À la veille d’une marche citoyenne annoncée pour ce 2 janvier 2026 à Goma, le ministre de la Communication et Médias, Patrick Muyaya, également porte-parole du gouvernement de la République démocratique du Congo, a livré une déclaration ferme dénonçant ce qu’il qualifie de « gouvernance par crimes » imposée aux populations vivant dans les zones sous occupation.
Selon le ministre, la population de Goma a été confrontée à des intimidations, des arrestations arbitraires et à des mesures de répression préventive, visant à empêcher toute forme d’expression pacifique.

« Ces pratiques graves et répétées ont instauré un climat de terreur au sein de la population civile », a-t-il déclaré.
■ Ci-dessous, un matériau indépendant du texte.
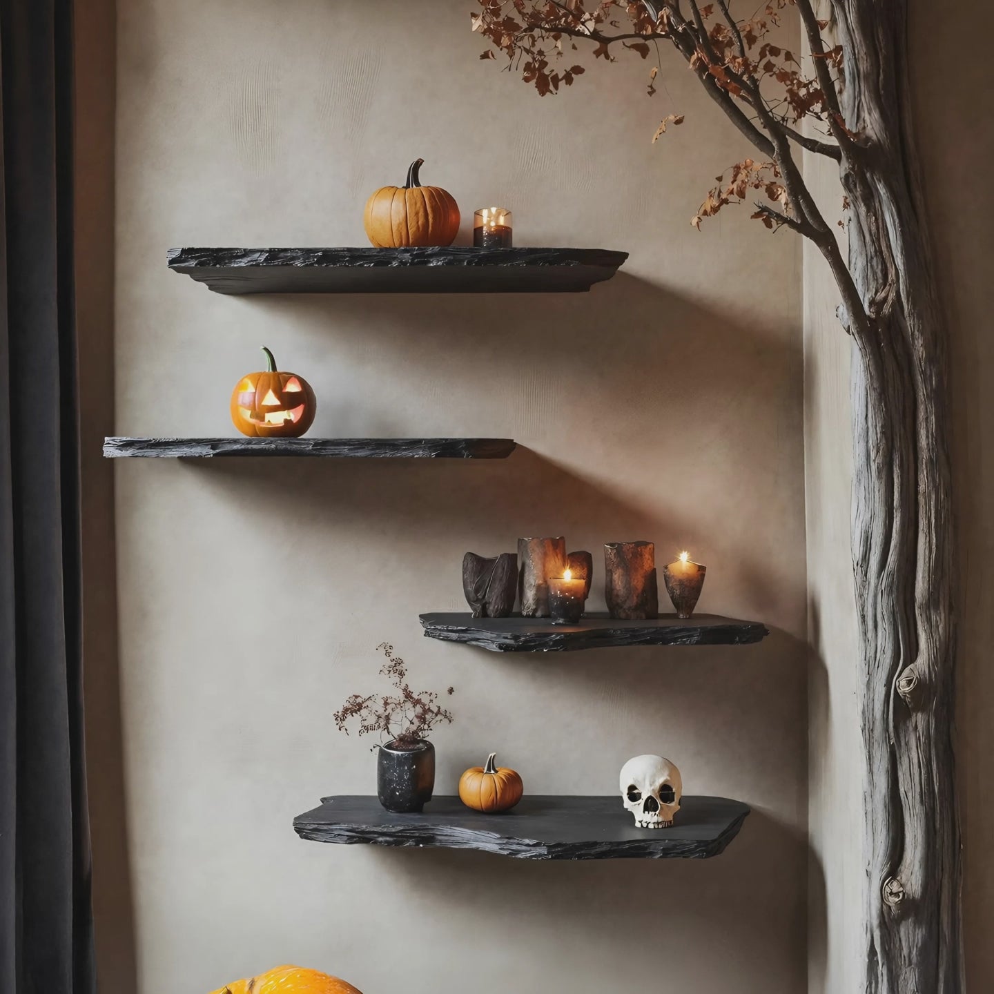 Enhance your interior with the Handcrafted Wooden Floating Shelf For Bedroom Artistic Halloween Wall Decor. Built from solid wood and detailed with artisanal craftsmanship, this shelf combines decorative charm with practical use. Perfect for arranging Halloween accents, candles, or personal items, it adds both artistry and function to your bedroom. Its floating design saves floor space while creating a unique focal point you can enjoy well beyond the holiday season.

Patrick Muyaya a également évoqué la situation préoccupante dans la cité de Sake, où plusieurs jeunes seraient portés disparus après avoir participé, en décembre dernier, à une marche contre l’occupation rwandaise. Des faits qui, selon lui, illustrent la brutalité exercée contre des citoyens congolais exprimant pacifiquement leur opposition.
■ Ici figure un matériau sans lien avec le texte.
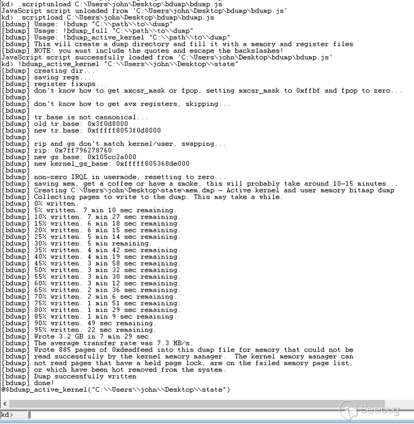 kd> !bdump_active_kernel "C:\\Users\\john\\Desktop\\state"执行如下:

Pour le porte-parole du gouvernement, ces événements confirment une réalité sans équivoque : le rejet total par le peuple congolais de l’occupation rwandaise.
« Notre peuple est lassé des exactions, des tortures et des massacres », a-t-il martelé, soulignant que la répression ne fera que renforcer la détermination des populations concernées.
Au nom du gouvernement, Patrick Muyaya a exprimé la solidarité nationale envers les victimes de ces actes répressifs et envers l’ensemble des civils vivant « sous le joug de l’ennemi ». Il a salué la résilience des populations qui, malgré les menaces, continuent de faire entendre leur voix.
« Malgré la répression, notre brave population s’exprime, elle résiste et continuera de le faire dans toutes les parties occupées jusqu’au retrait du dernier militaire rwandais de notre territoire », a-t-il affirmé, rejetant toute tentative d’exportation en RDC des méthodes de répression attribuées au Rwanda et au mouvement armé M23.

Pour Patrick Muyaya, la coercition ne saurait fonder une quelconque légitimité.
« La contrainte ne créera jamais ni légitimité ni adhésion », a-t-il conclu, réitérant l’attachement du gouvernement à la souveraineté nationale et à la défense de l’intégrité territoriale.
Dans un ton mobilisateur, le ministre a appelé à l’unité et à la résistance du peuple congolais, réaffirmant les mots d’ordre : « Quittez notre territoire », « Congolais, Telema » et « Tout pour la Patrie ».